The remarkable Thomas Reid, the Scot philosopher who graced the end of the 18th Century, noted that philosophers will often find “great difficulties about a thing which, to the rest of mankind, seems perfectly clear.”
David Hume may have found something inscrutable about the meaning of “causation,” but the ordinary man knows his own powers to cause his own acts to happen. As Reid had it, that was part of the common sense that precedes all theories. And some of us find the ground of Natural Law precisely in those axioms of common sense.
But we find maxims in our public life that are treated often as though they were sage principles that may truly settle the moral questions in our lives, and yet any serious reflection would reveal them as quite empty.
It would be hard to exaggerate the effect on our public life of that sentiment, waxed in many forms, but set down by John Stuart Mill, in his over-cited little book, On Liberty: that the law should not impose restrictions on liberty “when a person’s conduct affects the interests of no person besides himself.” That line became the hallmark of the libertarians, from the censoring of books and pornography to the tolerance, and then the celebration, of the homosexual life.
Surely, it can be found in Justice Kennedy’s glorifying of “autonomy” – that grand insulation from the adverse judgments of others, as same-sex couples pursue, without reproach, their sexual lives and their claim to consummate marriages.
Any parent will know teenagers drawn to jolting new habits and passions, and the fact that the son is pleased enough with his mode of conduct is not taken as the proof of its rightness.

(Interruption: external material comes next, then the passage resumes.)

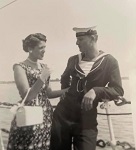 (GD01) Gregory Deck posing with local child while ashore from HMCS QUEBEC. Location unknown (GD02) Gregory Deck (left) ashore with shipmates from HMCS QUEBEC. Location unknown (GD03) Gregory Deck has the attention of this guest to his ship
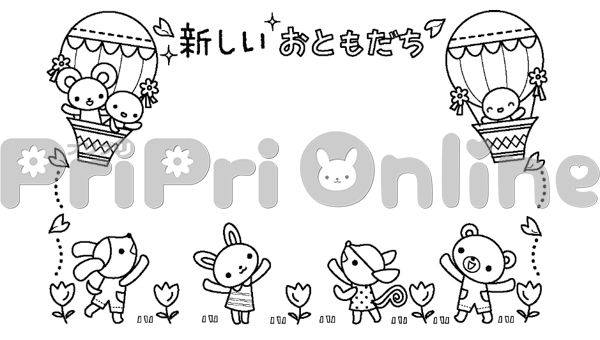気球に乗った動物たちと「新しいおともだち」の飾り枠(白黒)

But even when it comes to grownups, common sense will break through. The laws came to bar dueling, even as that pastime enjoyed the consent of the two parties. And the Supreme Court, in 1911, refused to uphold the freedom of people to contract themselves into a state of peonage or slavery.
If there was something wrong in principle with ruling other men as a species of property, that wrongness would not be effaced by the fact that a man assented. We still have the term, while the deeper meaning has faded: “unalienable rights” – rights so necessary and true that we were not free to “alienate” or forego them.
Libertarians were content to soar with Mill’s lines, but they usually didn’t notice how quickly the urbane Mill could modify and take them back. And so he asked, “How . . . can any part of the conduct of a member of society be a matter of indifference to the other members? No person is an entirely isolated being; it is impossible for a person to do anything seriously or permanently hurtful to himself, without mischief reaching at least to his near connections, and often beyond them.”
But for me, the most arresting critique of this liberal slogan, masquerading as a principle, came from that gentle and steely soul, Cardinal Jean-Marie Lustiger (1926-2007). He was the French Jewish child, hidden during World War II, who entered the Church and rose to become the Archbishop of Paris.
Fr. Richard Neuhaus invited him to New York in 1996 to join one of our seminars under the auspices of the Institute of Religion and Public Life and to give our Erasmus Lecture. His subject was “Liberty, Equality and Fraternity,” with the terms seen in a strikingly different way when viewed with the Christian understanding of “the human person.”
When he dealt with liberty, he recalled that venerable line, sprung from Mill, that our freedom found its limits only as soon as we began to affect other people in an adverse or injurious way. Lustiger then asked a question I’d never heard: Did that line refer to the way we might affect “all other” people? Even people we don’t know? People who may be, for all we know, men of doubtful character, who don’t deserve any heartfelt concern on our part? Hmm.
Might we be tempted to rephrase the maxim in this way: that my freedom ends where I began to affect in harmful ways – wink, wink – those who count. When Bill Clinton vetoed the federal bill on partial-birth abortion, he expressed concern for the “health” of the woman who was denied that surgery. But for the child whose head was being punctured, with the contents drawn out, he expressed no interest. That child simply didn’t count in the ingredients that made up the case for him.
With the Christian perspective, that child was never out of sight, for the simple reason expressed by Lincoln: that “nothing stamped with the Divine image and likeness was sent into the world to be trodden on, and degraded, and imbruted,” and regarded as of no account at all.
Mill’s line has fed for years the surety of the “college-educated” that there are no moral truths. And yet, the irony, as the Cardinal showed, was that Mill’s familiar maxim made little sense unless it backed into that deep moral truth that underlay the American regime: “all men are created equal.”
That people keep backing into that proposition, while seeking to deny it, may remind us that it really does have the properties of a “self-evident” or necessary truth. The Cardinal’s point, from twenty-four years ago, would still bring news to the liberals, and perhaps even comfort, if they ever come to hear it.